DESCRIPTION OF THE TASK: Using only the entries below, output the lines starting at the one containing "STEP 8. Replace" and ending at the one containing "Observing Divine Will", exactly and inclusive of both, omitting the pictures.
= = =
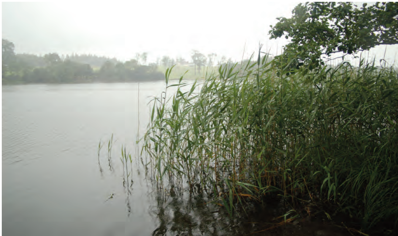
DSC 2267: P1 - Small area of reed bed on lakeshore north of Island Bridge. With wooded lakeshore in the distance. View to north-west.
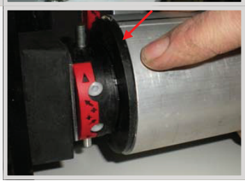
STEP 8. Replace rubber block using a 4mm Allen Key

STEP 9. Replace door stop using a 4mm Allen Key
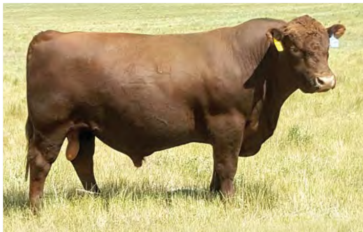
MLK CRK ADVOCATE 4304

ABS sire that left his mark on the breed after being used for many seasons by numerous producers that resulted in 2,879 progeny being recorded in the RAAA database.
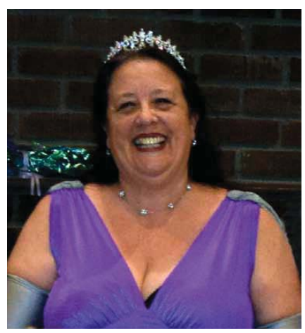
Queen Leanne Wong

coronation the ceremony when a new Queen (or King, let's not be sexist) is officially installed and is usually quite glitzy and full of grandeur.
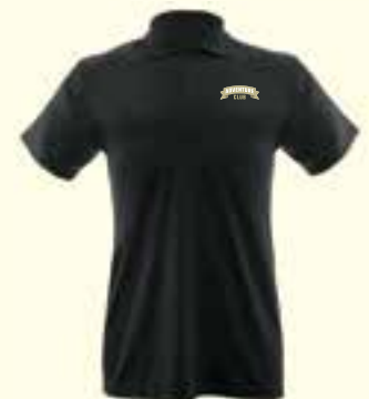
Leader Polo Shirt
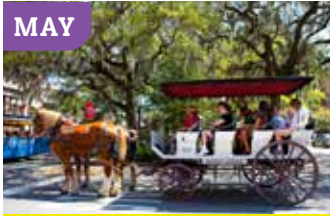
Savannah, GA May 1-4, 2023
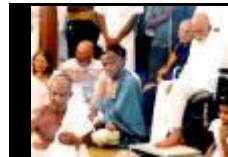
Observing Divine Will

With wonderful Somayaag that occurred at Maheshwar, the holy land sanctified and done in Kolhapur in Feb , 2008, a boost of energy has been received by the entire planet is now, when each Agnihotri has to become a warrior of peace marching on the 5th the torch of Love, living in the Will of Almighty. Time to set aside our personal views, opinions and attitudes and march together in an universe with divine symphony and harmony. The time is "Now".
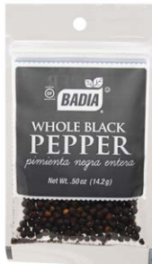
PEPPER WHOLE BLACK - 00025 12/0.5 OZ
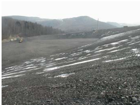
Dump assessment Schlema
= = =
YOUR RESPONSE:
STEP 8. Replace rubber block using a 4mm Allen Key

STEP 9. Replace door stop using a 4mm Allen Key
MLK CRK ADVOCATE 4304

ABS sire that left his mark on the breed after being used for many seasons by numerous producers that resulted in 2,879 progeny being recorded in the RAAA database.
Queen Leanne Wong

coronation the ceremony when a new Queen (or King, let's not be sexist) is officially installed and is usually quite glitzy and full of grandeur.
Leader Polo Shirt
Savannah, GA May 1-4, 2023
Observing Divine Will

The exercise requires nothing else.